DNA-encoded reaction discovery. In the past five years we developed a second-generation DNA-encoded reaction discovery system and used it to discover two new reactions, validating a non-hypothesis-driven approach to reaction discovery that has now been adopted by some synthetic chemistry groups. The first reaction is a mild Au(III)- or triflic acid–catalyzed hydroarylation of olefins with indoles. The second is a visible light-triggered, Ru(II)-catalyzed reduction of azides to amines that has a remarkable functional group tolerance. This azide reduction reaction can be performed on nucleic acid and carbohydrate substrates and in the presence of protein enzymes, without modifying any groups present on these macromolecules beyond the azide. This reaction provides a means of photouncaging a widely used chemical handle in a manner that is compatible with biomolecules.

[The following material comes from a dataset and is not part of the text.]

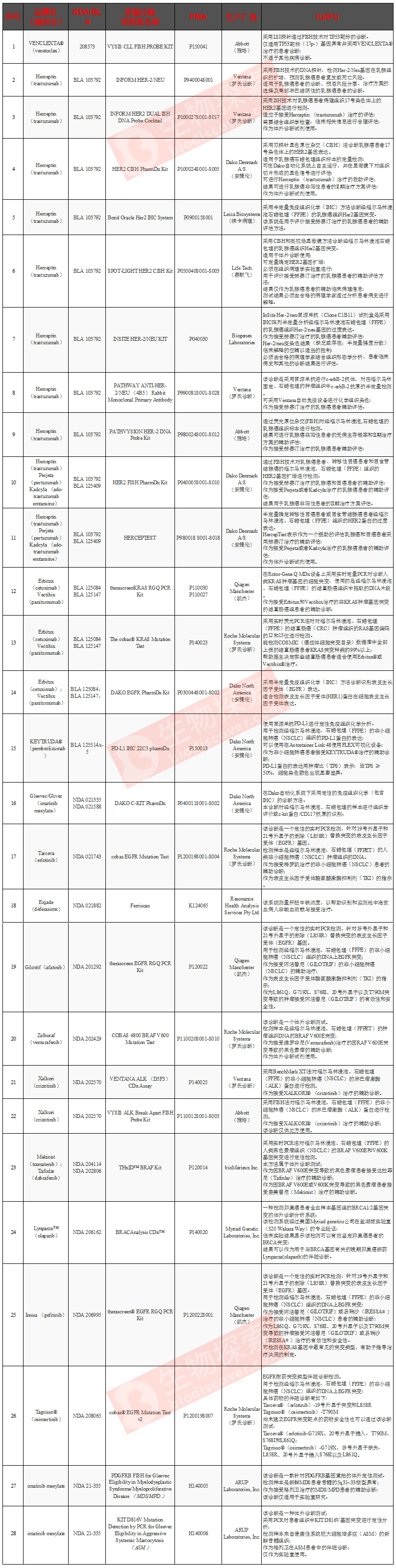 ![]() 伴随诊断之路及必要性 伴随诊断(Companion Diagnostics,简称CDx)之路始于1998年FDA批准的抗癌药物赫赛汀。 以罗氏的Zelboraf为例,黑色素瘤患者每月的药物治疗费用约为9400美元(112,000美元/年),而进行一次BRAF-V600的基因变异检测,花费还不到200美元. 因此,比起盲目服用高昂的药物以及忍受冗长的治疗周期,伴随诊断技术有助于快速判断抗癌药物方案是否适合具体的患者。 伴随诊断是个性化医疗中不可或缺的工具 肿瘤学研究中基因生物标记物的发现及其后续应用为靶向治疗的开发和选择铺平了道路,同时将基因与疾病状态、预后以及最终更有效的治疗联系在一起。 ![]() 随着个性化医疗(Personalized medicine,又称精准医疗)如火如荼地发展,将患者分成不同的组,根据他们的基因组信息来定制疗法或产品成为一种新的趋势,伴随诊断检测是其中的工具之一。 ![]() 根据美国FDA的定义,伴随诊断具有以下几层涵义: 1)确定哪些患者最有可能受益于特定的治疗产品; 2)确定哪些患者可能因治疗而发生严重的副作用; 3)监控治疗反应,以便调整治疗,使安全性和有效性得以改善。 ![]() 根据目的/用途划分的伴随诊断类型 FDA批准的28款伴随诊断产品 目前,FDA已经批准了一些伴随诊断检测。这些检测由罗氏、雅培、QIAGEN、DAKO等公司推出,主要利用qPCR、原位杂交、免疫组化等方法筛查一些肿瘤相关突变,以协助医生选择适当的疗法。本文盘点了FDA批准的28款伴随诊断产品。 ![]() 备注:NDA指新药申请(New drug application);BLA指生物制剂许可申请(Biologics license Application);PMA指上市前申请许可(Pre-Marketing Application);IU指预期用途(Intended Use );IFU指使用适应症(Indications for Use)。 展望:伴随诊断,体外诊断市场发展最快的领域 ![]() 伴随诊断是一个新兴市场,调查显示,目前该领域中大多数企业正与制药公司合作,为其pipeline药物开发伴随诊断试剂盒。作为个性化治疗的一个重要方面,对于预测患者针对特定药物的治疗反应至关重要。随着百姓不断提高的警觉意识及不断升高的癌症发病率,伴随诊断将成为靶向性治疗方法的一个重要因素。 |
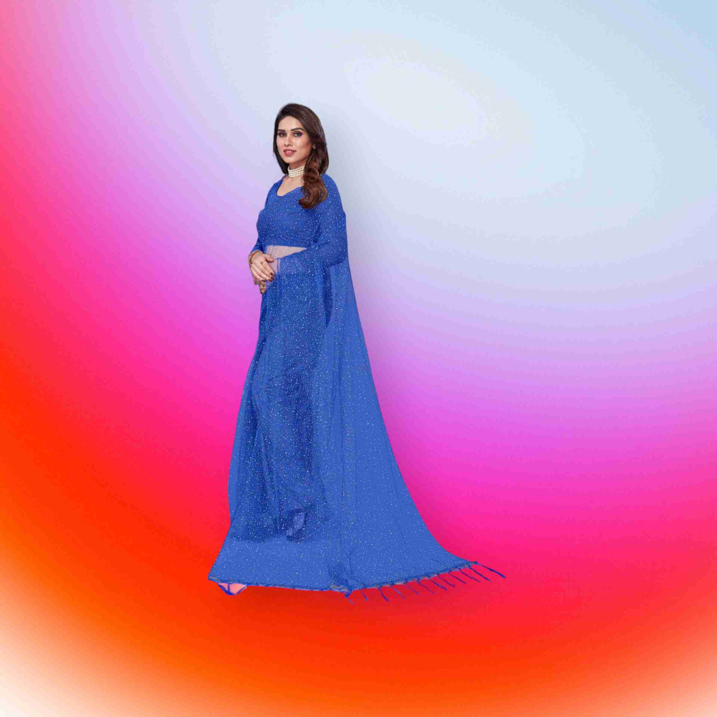 Solid/Plain Daily Wear Georgette Saree (Blue)

RDPCR andIDPCR. We developed two replacements for conventional in vitro selections, reactivity-dependent PCR (RDPCR) and interaction-dependent PCR (IDPCR), that have transformed the way we use DNA-linked molecules. RDPCR directly links bond formation with the selective PCR of DNA encoding reactive library members without the need for substrate immobilization or solid-phase capture and elution steps. Reaction discovery using RDPCR resulted in a new Pd(II)-catalyzed allene-azide coupling reaction that generates azidolactones, useful intermediates that would otherwise be more challenging to synthesize. Likewise, IDPCR replaces solid-phase binding selections and enables for the first time productive ligand-target combinations to be identified in a single experiment from combined libraries of small-molecule ligands and targets.